The midterm primaries are three weeks away, which means that the National Electoral Direction — the entity in charge of organizing the elections — gave the green light to the parties to begin airing their campaign ads on the radio and television. According to campaign regulation, 10 percent of TV and radio programming has to be destined to campaign messaging, so get ready soo see and hear a whole lot of these guys over the next few weeks.
The major parties have already aired the ads showcasing their candidates for deputies and senators in the Buenos Aires Province, arguably the big prize in every congressional election. Let’s take a look at them.
Cambiemos’ ad compresses all its political tools in less than a minute: it takes a jab at the Kirchner administrations and all parties that identify themselves as Peronists, highlights its administration’s achievements and, while it highlights that there’s “still a lot to do,” indicates that the answer is voting for them in the upcoming election. To introduce its relatively unknown candidates, Cambiemos uses its ace of spades: Governor María Eugenia Vidal, the politician with the best positive image in the country.
Vidal appears in the images along the candidates and introduces them, highlighting the area they focus in: Graciela Ocaña: fight against corruption; Héctor “Toty” Flores: his work with cooperatives and low-income sectors of the population. The third candidate, Guillermo Montenegro, didn’t get an introduction in the ad, but was the Buenos Aires City’s Minister of Security and Justice during President Mauricio Macri’s tenure as City Mayor, and that’s his area of expertise.
In keeping with the running theme of her campaign rallies, former President Cristina Fernández de Kirchner points the spotlight at citizens who, in the ad, were negatively affected by the Macri administration’s economic policies.
Different people can be seen introducing a piece of paper in a ballot box after doing a regular, everyday activity. The ballot box is then opened to reveal that the pieces of papers hold messages criticizing the current government: “I don’t want to live fearing I will get fired”; “prices keep rising and our salaries remain the same”; “I can’t make ends meet with my pension,” are some of the messages.
“In this elections, the message is your vote,” is the ad’s final message, which doesn’t show the former president at any moment.
Sergio Massa chose to air a fragment of the speech where he presented the electoral front he leads, in which he proposes to lower taxes on basic goods such as foods and medicine, and public services. Mixing images of his main ally, Margarita Stolbizer, and high profile aides such as former Economy Minister Roberto Lavagna, Massa finishes the ad criticizing the Macri administration: “What is this? They rise utility bills and also increase taxes?” he says.

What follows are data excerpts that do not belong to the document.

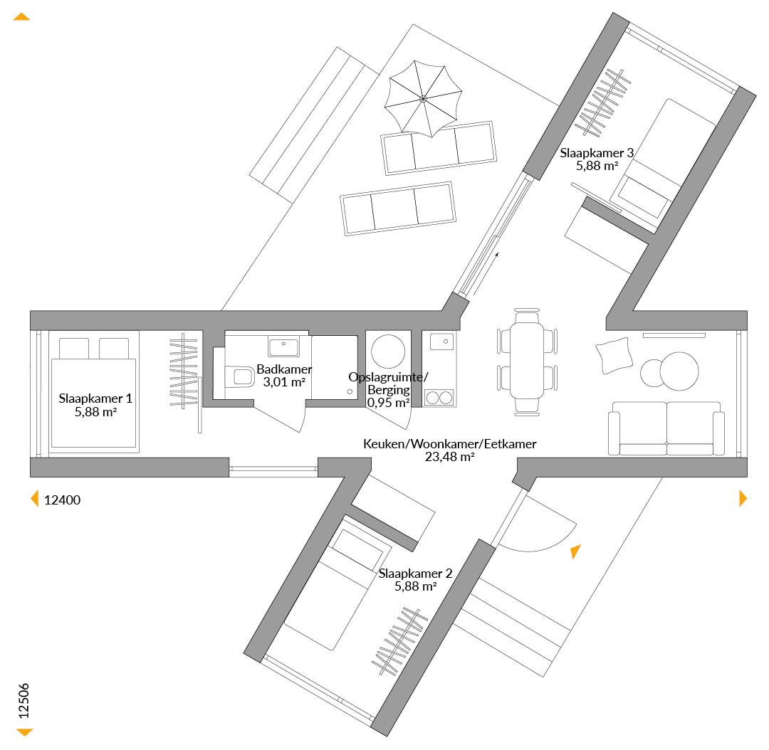 Flexibele mogelijkheden: Net als de vorige versie heeft ook deze S-modulehuis twee zijvleugels, elk met een slaapkamer. Dit zorgt voor een zeer royale indeling, ideaal voor vier personen. Als je met meer mensen bent, kun je stapelbedden plaatsen en is er ook extra ruimte voor een kledingkast of opbergruimte, waardoor de leefruimtes comfortabel blijven voor een groter gezin. Het terras biedt extra buitenruimte, maar ook bij regen kan iedereen zich terugtrekken in zijn eigen plekje of samenkomen aan de grote tafel.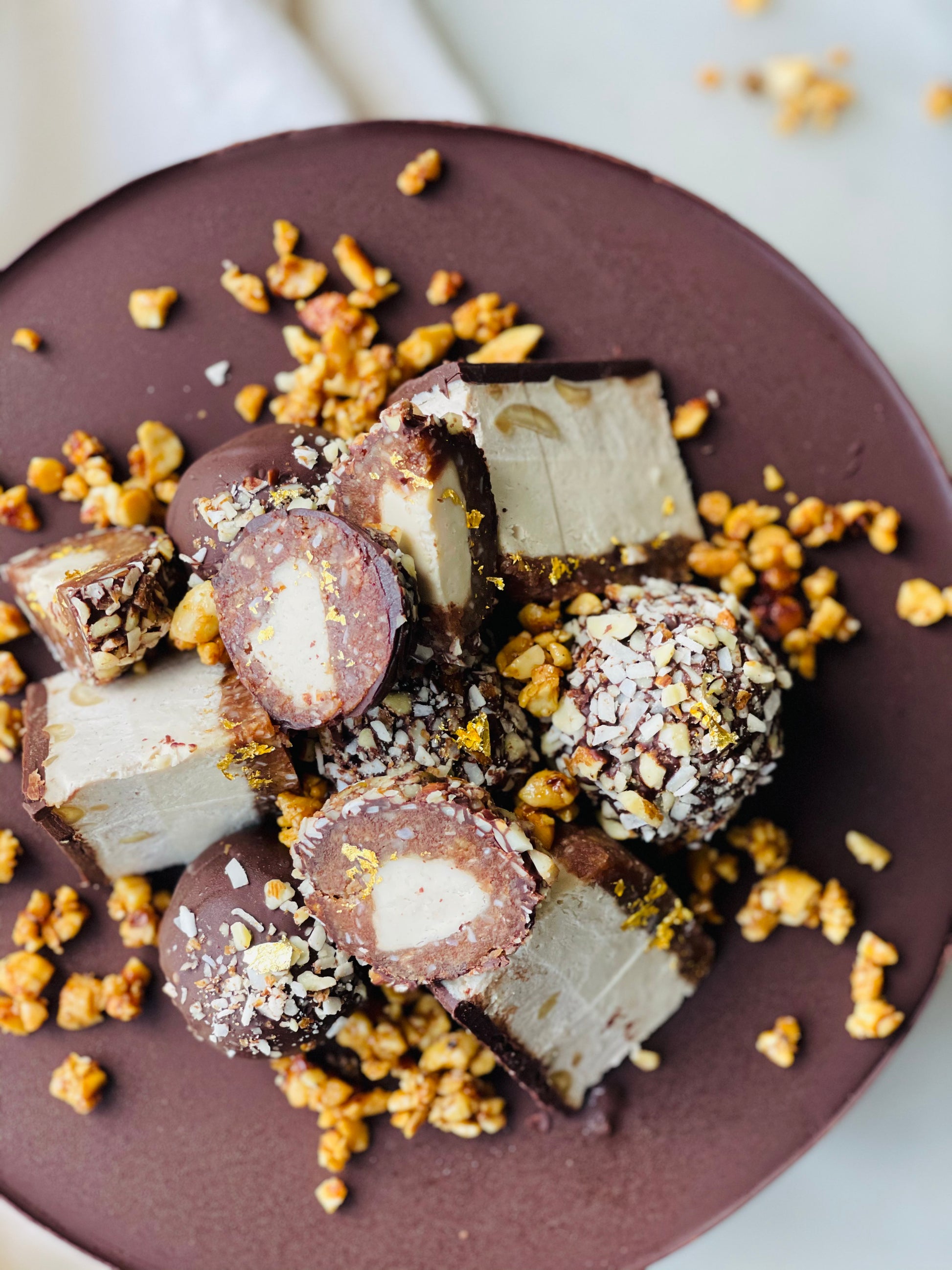 Ingredients: almond, coconut, dates, cashew, peanuts, cocoa powder, cocoa butter, coconut milk, coconut oil, vanilla extract, pink salt, agave.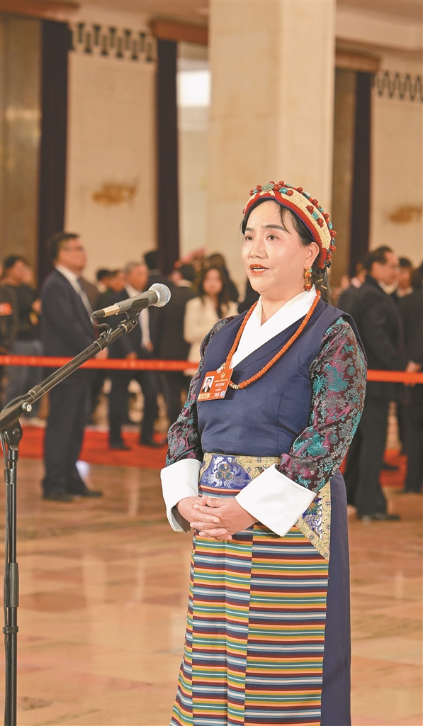 图为3月7日,全国政协十四届四次会议第二场“委员通道”集体采访活动在人民大会堂举行。这是住藏全国政协委员明吉措姆接受媒体采访。本报记者 旦增旺姆 摄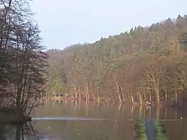 The lake Warfaaz is an artificial lake located in Wallonia near the thermal city of Spa in Ardennes in Belgium. The dam was built in 1892 on the Wayai river. The water volume is 360,000 m³ and the area is 0,08 km². It is a tourist attraction, with water sports, including Pedalo, Fishing.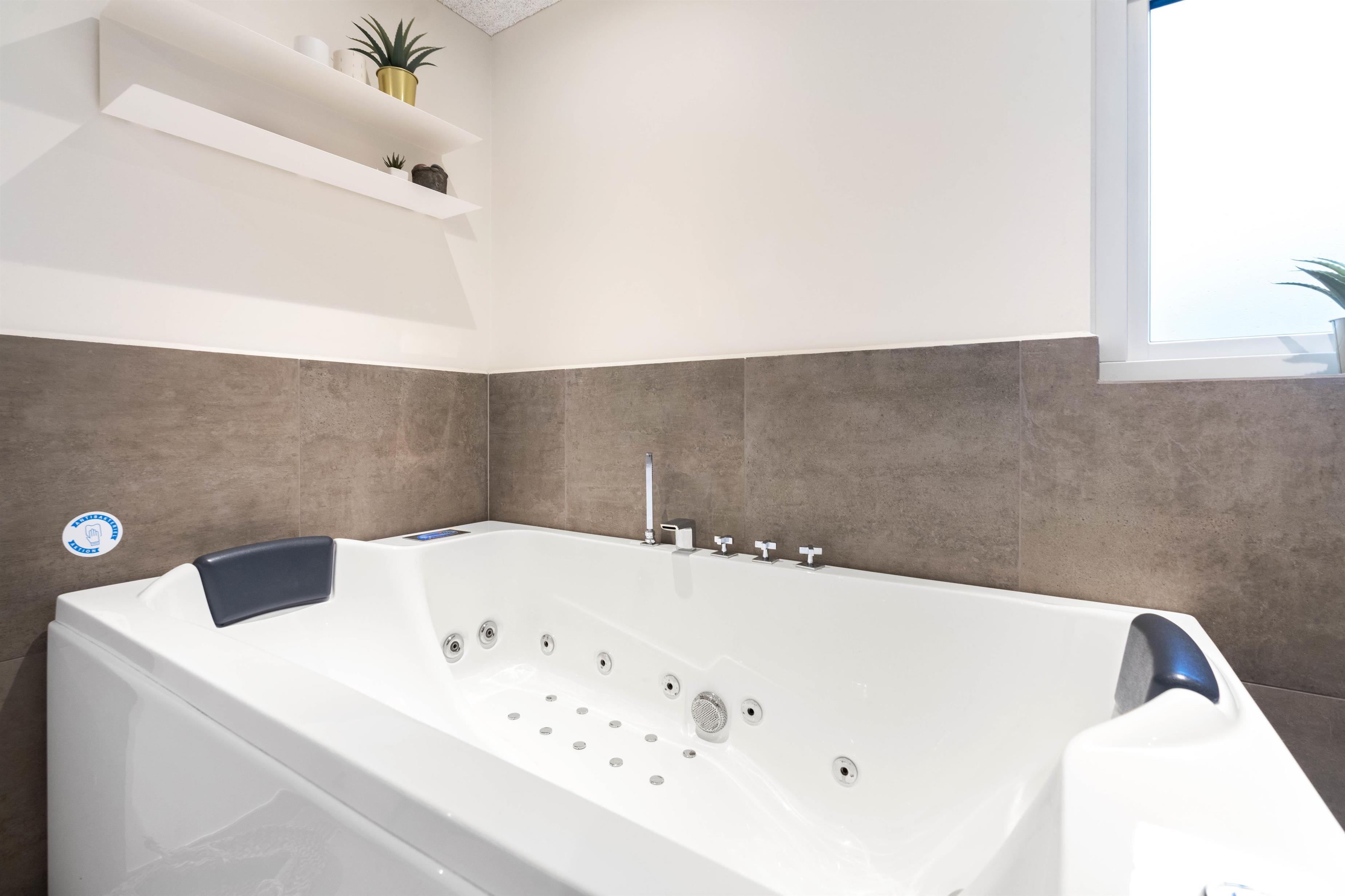 This holiday home offers a first-class wellness experience with plenty of space for the extended family. The whirlpool and sauna are located in one of the home's two bathrooms, with the second bathroom helping to avoid morning queues. For discerning guests seeking a holiday with the very best amenities, every conceivable comfort has been provided.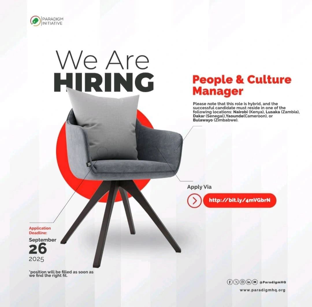Paradigm Initiative is seeking a dynamic People & Culture Manager to drive our HR strategy and nurture a workplace where every team member feels valued, engaged, and empowered.

The former Interior and Transportation Minister focuses on highlighting that he honored the promises he made during his tenure in Cristina Fernández de Kirchner’s cabinet: revamping the process to issue national IDs (DNI) and passports, and renewing the train fleet were the ones he chose.
Following the same line, the ad finishes with a jab to the former president, recalling that Randazzo decided to cut ties with her after she prevented him from competing against Daniel Scioli in a primary for the Victory Front’s 2015 presidential candidacy. “He said that he’d either compete in a primary or go home, and he honored that promise,” the ad finishes.